BP Photo by Ezra Fax

PRETTY: New landscaping behind the school features grasses and an irrigation channel.

About 20 percent of Shalhevet students say they have personally changed their habits because of the California drought, and nearly half say their families have made at least some changes.

In a Boiling Point Poll of 74 Shalhevet students on Dec. 23, 35 said their family had made changes in the way they use water because of the drought, and 14 people said they’d made changes themselves.

Of those, 39 percent are taking shorter showers. Some are also turning off the sink while they brush their teeth.

The most common things their parents have done, they say, is reducing how often they water the lawn.

Executive Director Robyn Lewis said the drought was also  considered in designing the new building.

“The one major installment that we made was building low flow water toilets and no water urinals,” Mrs. Lewis said. 

“We also chose low water plants, and a lot of them are succulents, which are  located at the front of the school. At the back of the school, there are grasses that require very little water.”

Mrs. Lewis, who is responsible for most of the design elements of the building, approved of the way they look.

“The drought resistant plants just look very pretty and there is no reason to get plants that need more water,” she said.

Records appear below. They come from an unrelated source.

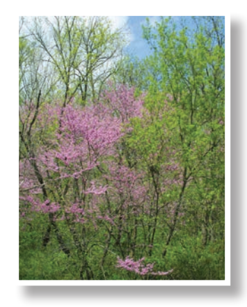
Eastern Redbud N Cercis canadensis 20-30' tall; 25-35' wide spring flowers, storm resistant, small space, under powerlines, single or multi-stemmed

Blue Beech (Hornbeam) N Carpinus caroliniana 20-30' tall and wide fall color, small space, under powerlines, storm resistant, clay tolerant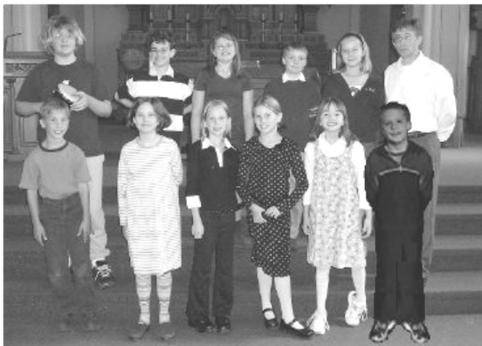
Youth Choir Members: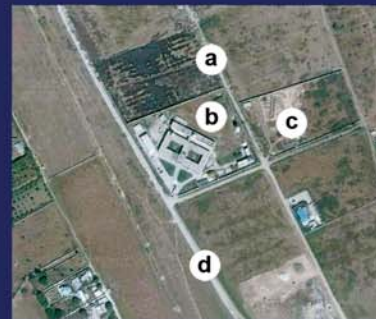
a) Land for Francisville Project b) N.P.H. hospital c) Rehabilitation Centre d) Main street to the US Embassy and to the Airport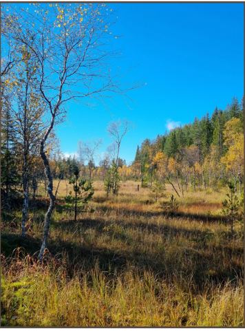
Timber road crossing the mire south of Ritalamp.

Going north, the terrain is fairly flat with coniferous forest. After passing the farm Nordtomten (please keep away from the electrical fencing and respect the signs) you cross a mire area before reaching the Sunne border. A few hundred meters into the Sunne-side the Finnleden ends and you continue on Ängenleden.

California’s historic drought led the state legislature to mandate a 25 percent water reduction, causing water agencies to raise prices for those who use too much.

Recent winter rains, which may become stronger than usual due to the weather pattern called El Nino, could dampen students’ enthusiasm to conserve.  But the poll showed they seemed to realize that even record rainfall this year would not overcome the long drought’s effects.

In the poll, out of the 53 students who said they’d heard of El Nino, 35 agreed with a statement saying that El Nino would not solve the drought crisis.

California needs 58.2 inches of water over a two-year period to replenish the state’s water supplies and ovecome the drought, according to Joseph Reichenberger, a professor of civil engineering at Loyola Marymount University who specializes in water management. That would mean record rainfall for two years straight, he said.

“While El Niño may be coming, we still have a long way to go, and we need to be mindful of our water use and use it wisely and efficiently,” Mr. Reichenberger said on the Loyola Marymount website.

Science teacher Ms. Amy Sirkis said that much rain could cause other problems. 

“There are positives and negatives to El Nino,” said Ms. Sirkis. “The positive is that we’ll get rain which we desperately need, but the negative is that the ground is so dry that it could ultimately create mudslides.”

Science Department Chair, Dr. Noel, says people should prepare for the rain.

“In January, February and March there will be very intense periods of rain,” Dr. Noel said. “Buy your rain-boots, an umbrella and a little poncho.”